O artigo aborda a complexidade e os critérios necessários para a lavratura do auto de prisão em flagrante, enfatizando que a mera detenção de um indivíduo não justifica automaticamente a sua prisão, e que é crucial a análise criteriosa realizada pela autoridade policial quanto à "fundada suspeita".

A discussão inicia-se com uma crítica à indeterminação do conceito de "fundada suspeita" prevista no Código de Processo Penal, que é considerado vago e impreciso, fomentando arbitrariedades e discricionariedades policiais.

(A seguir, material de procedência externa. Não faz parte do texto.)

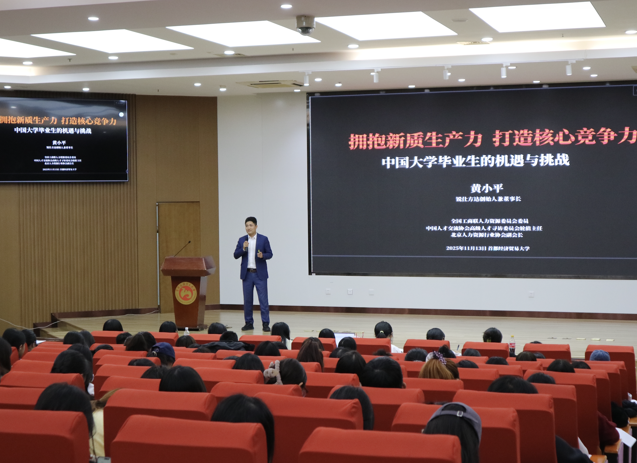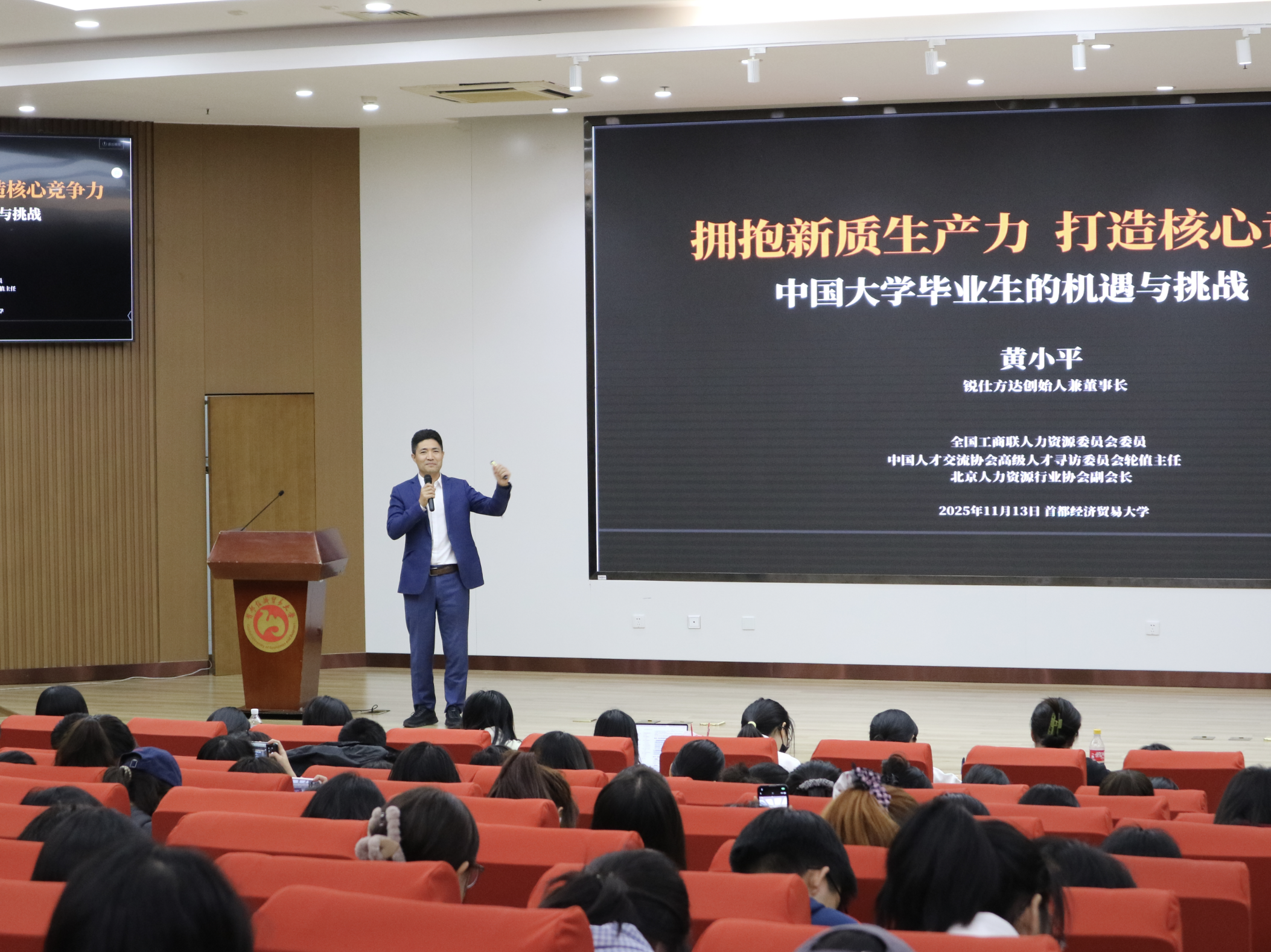 11月13日,首都经贸大学200余名本科生齐聚一堂,共赴一场职场启蒙之旅。本次分享嘉宾为锐仕方达创始人黄小平先生,他以资深行业视角拆解职业生涯规划的核心逻辑,用实战经验点拨高效求职的关键技巧,为怀揣职业憧憬的学子们搭建起从校园到职场的沟通桥梁,助力青年学子在职业赛道上精准定位、稳步前行。

O texto destaca a necessidade de implementar um standard probatório rigoroso que limite as injustiças, principalmente em contextos de discriminação racial, de gênero e socioeconômica, que permeiam a prática policial. A necessidade da interpretação constitucional do art. 304, §1º, é enfatizada, visando assegurar que a decisão de privar um indivíduo de sua liberdade não seja baseada em juízos subjetivos, mas sim em informações e evidências racionais.

A proposta de elevar os padrões de prova é apresentada como uma ferramenta para a redução do autoritarismo no sistema penal, objetivando a proteção das garantias individuais e uma maior proteção ao estado de inocência. Em última análise, o artigo defende que, embora a seletividade do sistema penal não possa ser completamente eliminada, um referencial objetivo e elevado na decisão de prisões em flagrante é vital para mitigar abusos e assegurar justiça.

Resumo editorial produzido pela equipe da Criminal Player. O texto integral é de autoria dos experts e está publicado no Conjur.

Tópicos do artigo

Principais pontos desenvolvidos no texto original

Principais temas abordados no artigo "Standard informativo da prisão em flagrante" de Leonardo Marcondes Machado.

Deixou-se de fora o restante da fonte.